Okay, that’s the organizational aspect covered, but there’s another big thing to note: The book has a list of artists, and which creatures they provided the artworks. I am always in favor of crediting people properly for their work, so kudos here – particularly considering the vast amount of full color art herein!! I wish more publishers did that. After this list, we have a pretty detailed “How to Use” for the book, which does include a handy summary of the poison rules (which imho are seriously superior to PF1’s take on poisons!). The section also explains the changes made to initiative (passive total) and Notice, which is essentially passive Perception.

 

Okay, so the book as a whole, obviously, is a monster book, and as such, it is devoted to presenting a ton of creatures for your game. I have reverse-engineered quite a lot of the critters herein, but not all of them. From the data I collected, I can attest a degree of precision that is beyond what you’d expect to see from a book of this size. Covering each and every creature herein would bloat the review beyond any utility, so I’ll try to provide a cross-section of what this book offers.

 

All right, so, what do we get? Well, the book supports quite a few of the less prominent outsiders, including aeons, and the CR 8 parabythos deserves special note: They can fire a blast that splits mortals in two – the body and a crystalline form, which is immobile, with both having half the target’s HP. And yes, getting rid/curing the affliction is included – unique, and flavorwise a neat niche covered here. The lepidoral agathion manages to make a bunny-person look cool, and has pretty brutal slaps that can cause confusion for a rather prolonged period of time, and speaking of agathions, there also are owl-agathions capable of creating blizzards. The book also introduces something rather uncommon, namely a low-CR angel, the meadow maid, and the book includes a psionic angel. Speaking of uncommon outsiders: What about a psionic beetle-like asura?
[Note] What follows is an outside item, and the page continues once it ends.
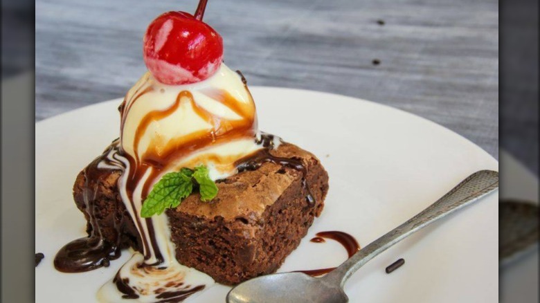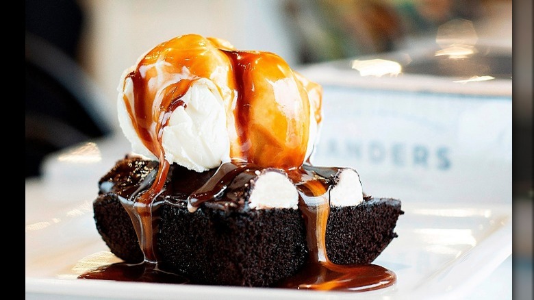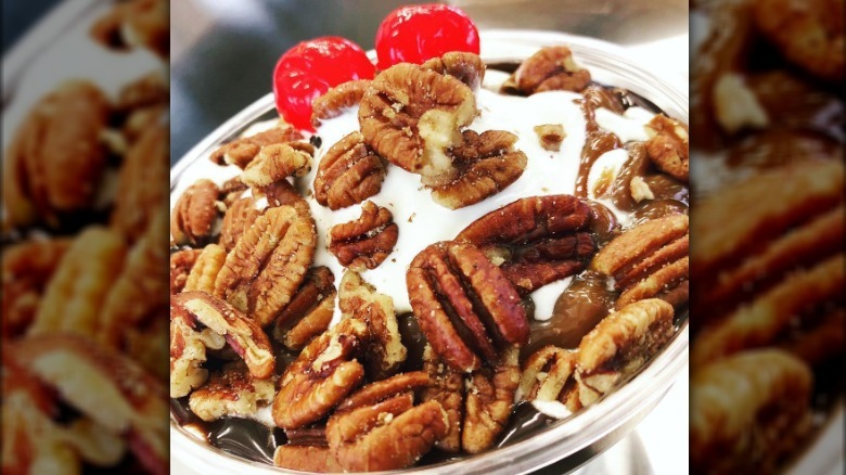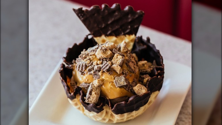 One of the best ice cream sundaes on the menu at Sanders is the Bumpy Bliss Sundae. The Bumpity Bliss Sundae comes with vanilla ice cream and gooey hot fudge on top of a chunky slice of chocolate fudge Bumpy Cake. Bumpy Cake is a Devil's food cake that comes capped with sticks of buttercream that are delicately wrapped in fudge icing. Brownie sundaes are delicious — but a Bumpy Cake sundae is even better. The logs of fudgy buttercream on top of the cake add a richness to the sundae that's pure heaven. Because this sundae features such a uniquely tasty ingredient like Bumpy Cake, it tops our list as one of the country's absolute best. Do yourself a favor if you're in the area in Michigan and swing by to give it a try.

The book also features a new demon lord, and something that made a lot sense to me: The apiary devils, essentially a whole low-CR caste of devils that acts as a group of individuals establishing footholds – and making fortresses, for they are super-adept at making new fortified structure. This makes so much sense in the context of infernal efficiency. 2 new genies (metal and wood) are also provided, and there’s a new inevitable as well – they are REALLY creepy to me, tasked with eliminated creatures of mixed bloodlines. Yep, that is a damn chilling thought here, having a four-armed monster come after you for your mixed bloodline…and did I mention the qlippoths designed to interact with mortals? They are also rather chilling.

 

Did I mention the sonic-themed sluu’gho? Or the four-armed warfan-using Hevaka, agents of Lyvalia, the Whispering Councillor?

 

The elemental themes of Porphyra are also represented in some really cool multi-type elementals, like the mighty CR 17 backdraft, which can suck targets prone and towards it, then deliver truly devastating multi-damage type explosions? Or the masagmasvima, hurling magma and an aura that can sicken targets?

 

Of course, there are a lot of other critters herein. For example, there are the one-eyed Abaasy giants with a fear-inducing gaze and horrid, metal lashes, the chthonic cyclops, and there are the anakim giants (aesthetically-coded as quasi-Sumerian); and with chingatrüll and drainpipe trolls provide 2 new types of trolls with unique signature abilities. Speaking of which: In case you were wondering, yes, this book does include several templates as well, for example ones for the unknowing creature, which is used to design creatures that haven’t realized that they’re dead – and who don’t take kindly to that being pointed out. Another example would be the hexenbiest template, which is a means to represent beings bound to a hag – as such, there is quite a bit of variety even within the template. Templates, of course, do include several sample creatures. I am particularly fond of the moldering template, since this template allows for the use of common molds and slimes as infections that take over the bodies of host creatures.

 

Do you like dragons as much as I do? Well, then this book has quite a lot of material for you! Beyond the guardian, hagiographical and porphyry drakes (4 statblocks provided for each of them), we also have the arid, ashen, darkstone and hoard dragons (3 statblocks + global rules provided for each of them), and the new CR 13 wasteland linnorm, which comes with suggested sample treasure. While an elemental, the sleet dragon is draconic in form, and the qi dragon is actually an animal and not exactly smart. I was surprised seeing that this fellow was not at least a magical beast, but its design is very much in line with the design paradigms of animals – very much focused on being a hunter, etc. The grotesque CR 20 typhoean, with its draconic headed arms can also be roughly considered to be a part of this section…and this also holds true for the really cool paper dragon golem! (CR 26, btw. – and yes, they are extremely deadly!)

 

Of course, there are more constructs in this book: There would be a spiderbot with laser webs, there are drones, there is a really cool guardian made from blood, linked to a ward? One of my favorites is the nightmare collector – a boss-monster-level construct that can create dark duplicates, with a smart Achilles’ heel – a very cool example of a puzzle boss!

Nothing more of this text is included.